A project log for Interactive Color LED grid with IR touch sensing

My wife wanted some hardware to program with processing. I wanted to design some PCBs

engunneerengunneer 07/11/2016 at 03:340 Comments

(March 2016)

When the Grid was running on the Arduino, the very first pixel of the last board in the chain seemed to always want to trigger differently than the rest. Otherwise, it seemed to work just fine (low bitrate not withstanding).

When I upgraded to the Teensy, I had to do somthing about the 3.3V to 5V logic level conversion. The LED board and all it's chips are 5V, and the Teensy 3.0 is 3.3V. I had one of these sparkfun level translator boards on hand, so I started there. I didn't actually need the bidirectional feature on any pin, but the 4 channels and ease of use looked great. Neither of the libraries I used on the Arduino were exactly the right fit for the Teensy, so i had to also write a bunch of new code.I replaced the NeoMatrix library (and underlying NeoPixel library) with FastLED by PJRC. It just works. I did keep the NeoMatrix lookup for converting X,Y coordinates to string index, but removed all the options for other matrix configurations.

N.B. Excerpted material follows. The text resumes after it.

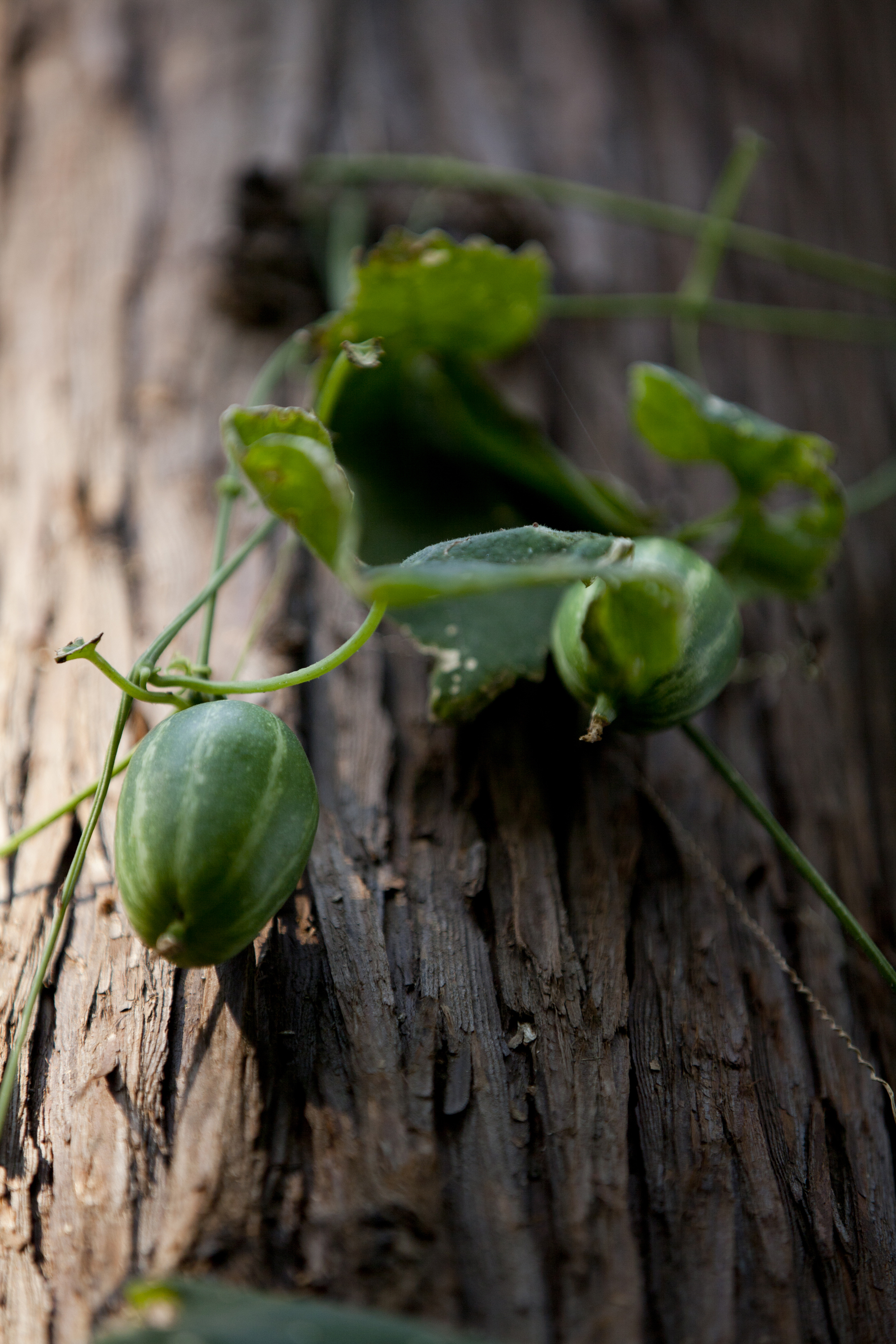 赤く色づく前のカラスウリ。名前の由来については諸説あるようですが、唐から伝来した朱墨「唐朱」に実の色が似ている事から。だとか。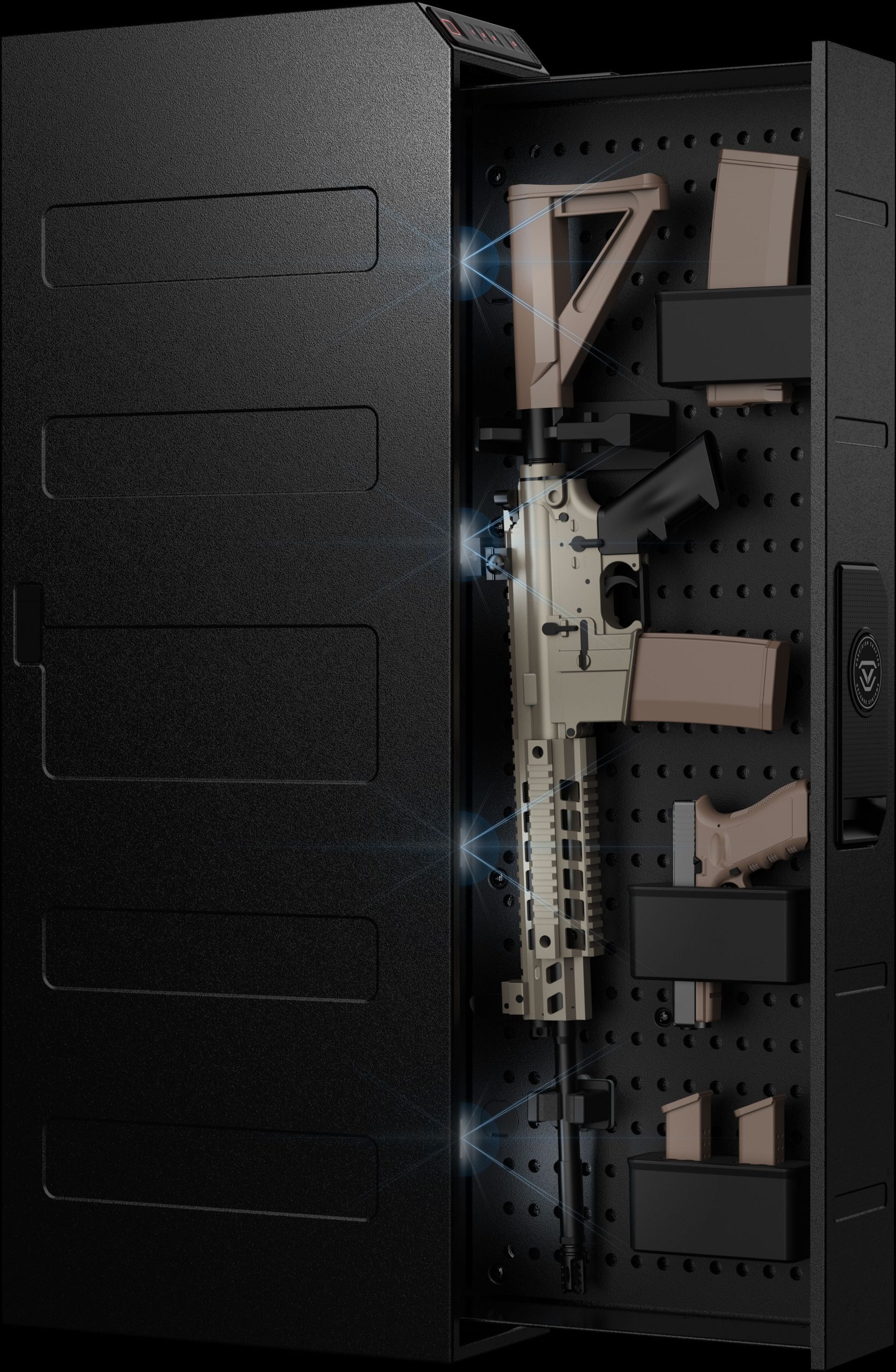 A master of storage, designed for use in vertical + horizontal positions. Store multiple rifles, pistols, EDC gear items, and more. ViSN WiFi is built inside and makes your safe easy to set up and monitor.

On the shift register side, I just wrote a bit-banging routine using the Teensy's DigitalFastWrite commands to reduce the Teensyduino interpretation delays. This is where the bits went to die. For a while I thought I was just clocking things too fast, and I went through various hoops to prove that it wasn't my software, and it wasn't the PCBs. The symptom was that each board thought the last few LEDs were being touched, no matter what, but randomly. It also got progressively worse the further down the chain I went. I didn't capture the scope traces, but I was able to see both with my scope and my logic analyzer that the bits were disappearing. Since each PCB in the chain has 25 bits of real data followed by 7 bits of padding, the padding bits were getting shifted into the data area. Actually touching the IR areas of the board made it worse.

After weeks of intermittent troubleshooting, I determined that the data bits were somehow being coupled into the clock line, causing it to randomly clock extra times. I happened to have used pretty high speed shift registers, so they had no problem at all keeping up with a glitched clock. I tried just about everything I could think of, from buffering the signals through extra channels of the LM339s, to even moving the clock and chip select lines to direct I/O. The 3.3V output of the Teensy is well above the input spec for the CMOS shift registers, so didn't even need conversion. Somehow, even with this, the data is being coupled back into the clock.

Just to test everything, I went back to the Arduino and everything still worked. I also removed a row from the assembly and tested sets of 1, 2, and 3 boards with the Arduino and the Teensy. The Teensy was Just Not Working.